I know I haven't written in a few days. Don't be worried, even though I'm sure you probably aren't. Most people don't worry about me. Hell, no one did until James and Remus and sometimes Peter and I were friends. Anyway, I apologize, and that's not something I do often, so don't get used to it. Why was I gone so long? Because Regulus is a little brat, that's why. Merlin knows there are times that I would be the happiest person on the face of this God-forsaken planet if I could take that stupid green and silver tie and... Right, probably shouldn't continue that with the Ministry intercepting owls and whatnot. Threatening to kill one's own brother is just the type of thing that could probably get you into some trouble.

But do you even know what he had the nerve to do? No, of course you don't, you aren't here, so I have to be the one to tell you. He sold me out to the resident witch! And I didn't even do anything! Okay... So I may have kind of sort of did some things that may have kind of sort of resulted in my stupid little brother falling down the stairs and breaking his arm in about three places... But he was insulting my friends, what was I supposed to do? Use the cruciatus curse on him like my parents would if they caught him saying bad things about purebloods? Actually you know what, ignore that last little bit there. Seriously, pretend I never said it. I get enough grief about things like that from James and Remus.

I can't wait for school to start again so I can get out of here. My mother is driving me up a wall, and it's taking everything in me not to run out the door and never look back. James has asked me several times why I haven't done it yet, and I've always just brushed it off. The truth, though? I can't leave Regulus there with _them_. Yes there are times I'd like to kill my brother with his own wand. Yes there are times I may have kind of sort of pushed him out a window or down the stairs or done various other things... But I can't leave him, not yet. He's not sold on the principles and ideals of our parents, even if he doesn't know it yet. I can see it, though. He's just going along with it because he has to. One of us has to be the good one, and we both know it's not going to be me. Sometimes I wish I would've made it a little easier on him. It can't be easy having to be everything I'm not. But it's too late to change that now, isn't it? And I swear to whatever higher power is up there, if you repeat any of that to anyone, well... Regulus won't be the only one I'm making death threats toward.

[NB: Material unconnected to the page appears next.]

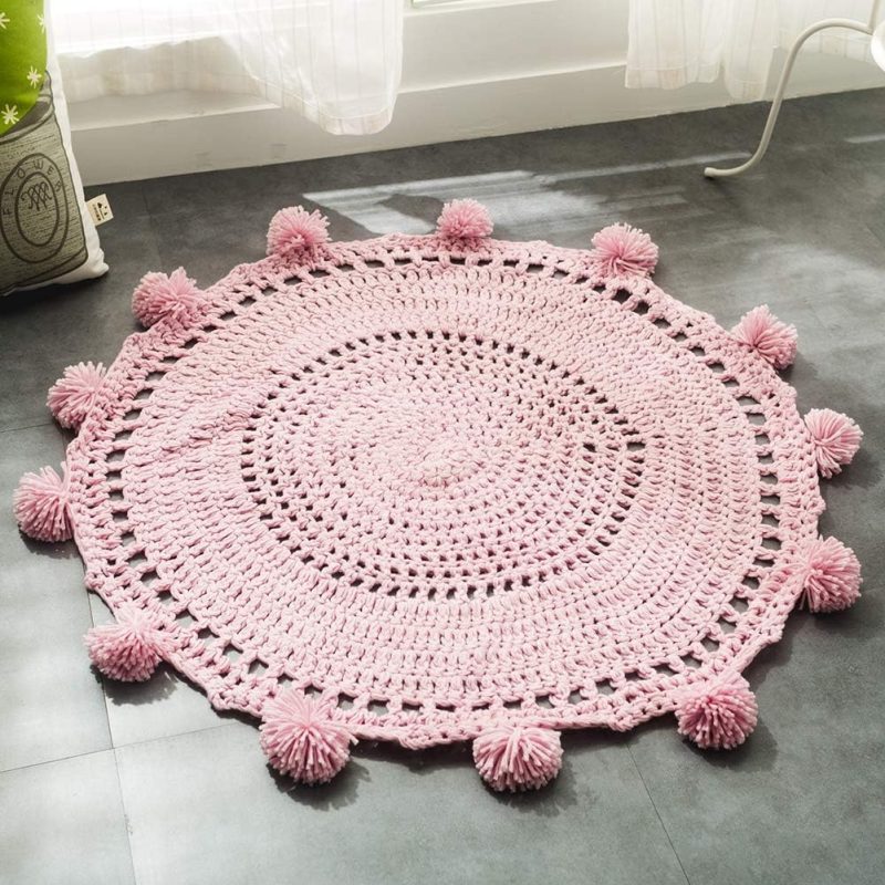 Pom Pom Round Crochet Area Rugs Soft Handmade Knit Solid Play Mat Kids’ Room Decorate Carpets Diameter 31″ Light Pink
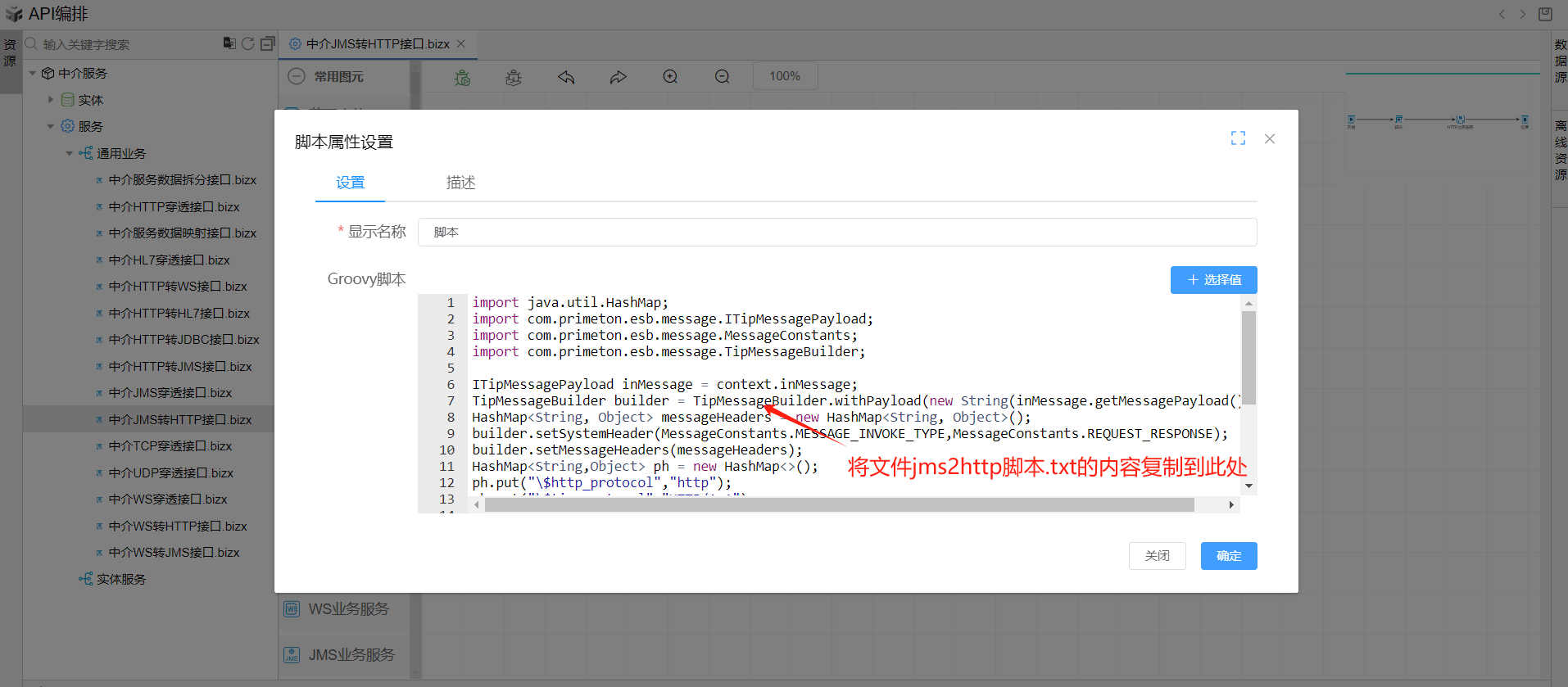双击打开脚本图元,将文件jms2http脚本.txt的内容复制到图元中,点击确定。如下图:

Remus wrote to me the other day, after the full moon. I don't know how he does it month after month, year after year. I don't think I could handle it, I really don't, and I know I can handle a lot more than the average 16-year-old wizard. I wish I could be half as brave, half as strong as he is. I know I complain about him sometimes, but Merlin I admire that kid. And if you tell him I said that, well... I'm sure your imagination can come up with something that mine can't at present. But anyway, I was talking about Regulus, not Remus.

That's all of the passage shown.